__Stored records__.
---*---
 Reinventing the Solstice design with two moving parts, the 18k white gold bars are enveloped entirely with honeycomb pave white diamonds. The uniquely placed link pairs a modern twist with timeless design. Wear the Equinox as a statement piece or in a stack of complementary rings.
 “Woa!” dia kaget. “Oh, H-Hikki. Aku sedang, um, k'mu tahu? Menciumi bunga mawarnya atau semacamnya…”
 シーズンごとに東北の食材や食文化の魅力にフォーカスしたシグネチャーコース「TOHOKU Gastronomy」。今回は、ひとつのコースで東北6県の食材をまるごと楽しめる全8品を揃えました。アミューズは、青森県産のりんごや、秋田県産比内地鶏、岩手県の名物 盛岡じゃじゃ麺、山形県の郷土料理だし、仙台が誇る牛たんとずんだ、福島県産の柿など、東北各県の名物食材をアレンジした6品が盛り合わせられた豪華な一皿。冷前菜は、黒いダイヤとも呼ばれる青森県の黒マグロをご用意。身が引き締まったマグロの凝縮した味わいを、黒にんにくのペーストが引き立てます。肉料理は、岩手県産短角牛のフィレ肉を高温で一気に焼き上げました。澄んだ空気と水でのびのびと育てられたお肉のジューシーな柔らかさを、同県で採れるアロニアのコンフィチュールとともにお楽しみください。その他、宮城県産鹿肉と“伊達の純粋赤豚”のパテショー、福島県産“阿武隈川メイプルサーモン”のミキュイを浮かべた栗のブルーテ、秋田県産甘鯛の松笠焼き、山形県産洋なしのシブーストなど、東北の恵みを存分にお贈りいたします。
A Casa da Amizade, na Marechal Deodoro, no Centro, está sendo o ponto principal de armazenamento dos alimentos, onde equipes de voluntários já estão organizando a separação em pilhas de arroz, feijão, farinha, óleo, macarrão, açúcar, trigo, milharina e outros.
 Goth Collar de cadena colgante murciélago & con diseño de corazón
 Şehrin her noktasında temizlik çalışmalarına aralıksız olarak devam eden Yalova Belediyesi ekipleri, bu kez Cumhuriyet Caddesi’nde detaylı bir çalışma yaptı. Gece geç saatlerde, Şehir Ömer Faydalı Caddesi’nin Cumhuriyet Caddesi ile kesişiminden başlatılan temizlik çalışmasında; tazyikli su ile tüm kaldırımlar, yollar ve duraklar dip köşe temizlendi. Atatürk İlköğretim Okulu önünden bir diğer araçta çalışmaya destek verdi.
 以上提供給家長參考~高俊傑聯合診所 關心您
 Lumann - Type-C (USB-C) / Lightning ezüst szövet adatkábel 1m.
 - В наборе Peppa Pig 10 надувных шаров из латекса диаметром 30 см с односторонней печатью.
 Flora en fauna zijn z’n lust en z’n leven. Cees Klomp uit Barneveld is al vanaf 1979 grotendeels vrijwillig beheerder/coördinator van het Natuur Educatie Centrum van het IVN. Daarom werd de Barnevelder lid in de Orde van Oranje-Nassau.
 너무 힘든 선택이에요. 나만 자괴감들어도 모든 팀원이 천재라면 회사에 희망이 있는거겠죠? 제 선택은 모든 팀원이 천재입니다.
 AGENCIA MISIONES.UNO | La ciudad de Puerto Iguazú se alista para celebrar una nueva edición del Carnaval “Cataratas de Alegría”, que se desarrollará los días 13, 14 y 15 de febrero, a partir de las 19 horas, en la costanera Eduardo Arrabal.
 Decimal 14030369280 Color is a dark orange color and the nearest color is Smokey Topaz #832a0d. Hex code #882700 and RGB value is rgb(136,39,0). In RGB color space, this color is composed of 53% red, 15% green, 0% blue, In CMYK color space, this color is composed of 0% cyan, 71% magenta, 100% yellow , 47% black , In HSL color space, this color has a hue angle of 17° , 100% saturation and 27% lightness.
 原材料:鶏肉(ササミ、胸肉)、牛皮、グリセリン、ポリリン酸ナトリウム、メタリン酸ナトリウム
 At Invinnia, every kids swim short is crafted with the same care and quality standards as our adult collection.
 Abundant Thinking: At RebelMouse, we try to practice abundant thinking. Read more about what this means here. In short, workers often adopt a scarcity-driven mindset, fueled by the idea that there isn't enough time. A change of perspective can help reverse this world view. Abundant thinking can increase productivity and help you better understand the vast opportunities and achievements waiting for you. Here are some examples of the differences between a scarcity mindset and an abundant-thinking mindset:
---*---
__ASSIGNMENT__.
Each line above that contains "short" must be copied out.

__ANSWER SECTION__.
 At Invinnia, every kids swim short is crafted with the same care and quality standards as our adult collection.
 Abundant Thinking: At RebelMouse, we try to practice abundant thinking. Read more about what this means here. In short, workers often adopt a scarcity-driven mindset, fueled by the idea that there isn't enough time. A change of perspective can help reverse this world view. Abundant thinking can increase productivity and help you better understand the vast opportunities and achievements waiting for you. Here are some examples of the differences between a scarcity mindset and an abundant-thinking mindset:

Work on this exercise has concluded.